Paleo author reviews anti-paleo book


The new book, Paleofantasy: What Evolution Really Tells Us about Sex, Diet, and How We Live, is billed as an “exposé of pseudoscientific myths about our evolutionary past and how we should live today.” It was written by Marlene Zuk, a professor of ecology, evolution, and behavior at the University of Minnesota.

Many people who follow the paleo regimen have reviewed the book on their blogs, but my favorite review so far is by Mark Sisson, author of The Primal Blueprint (my favorite paleo book). He says the problem with the book is that no one who follows paleo believes any of the straw man premises she sets up. In other words, Zuk’s idea of Paleo is the real paleofantasy and her arguments against her own straw man version of paleo were explored and accepted years ago by the Paleo community.

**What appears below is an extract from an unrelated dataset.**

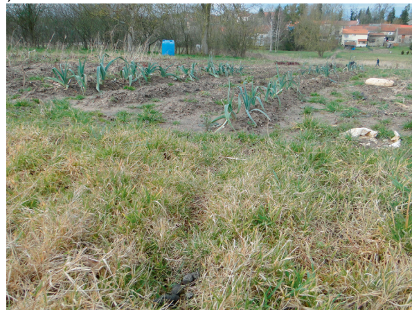
Figure 1. Two kitchen gardens in open access to carnivores and located inside (A) and outside (B) the village (at the forefront: a cat stool dropped close to the garden border).

gloves and put into separate labelled plastic bags. All collected faeces were decontaminated for 5 days at -80 °C and then stored at -20 °C before analysis.

After reading the book, John Durant tweeted “Paleofantasy shouldn’t have been a book in 2013, it should have been a blog post in 2010,” and that’s as good a description as I can think of.

It’s all very uncontroversial:

There is no one paleo diet.

Who’s saying that? Humans have spanned the globe for millennia, surviving and even thriving in environments ranging from tropical to temperate, from arctic to near-aquatic, all the while subsisting on the wild foods available to those regions. Same basic diet of animals and plants, different configurations.

Evolution doesn’t just stop and humans didn’t just reach a state of perfect adaptation back before agriculture from which we’ve never progressed.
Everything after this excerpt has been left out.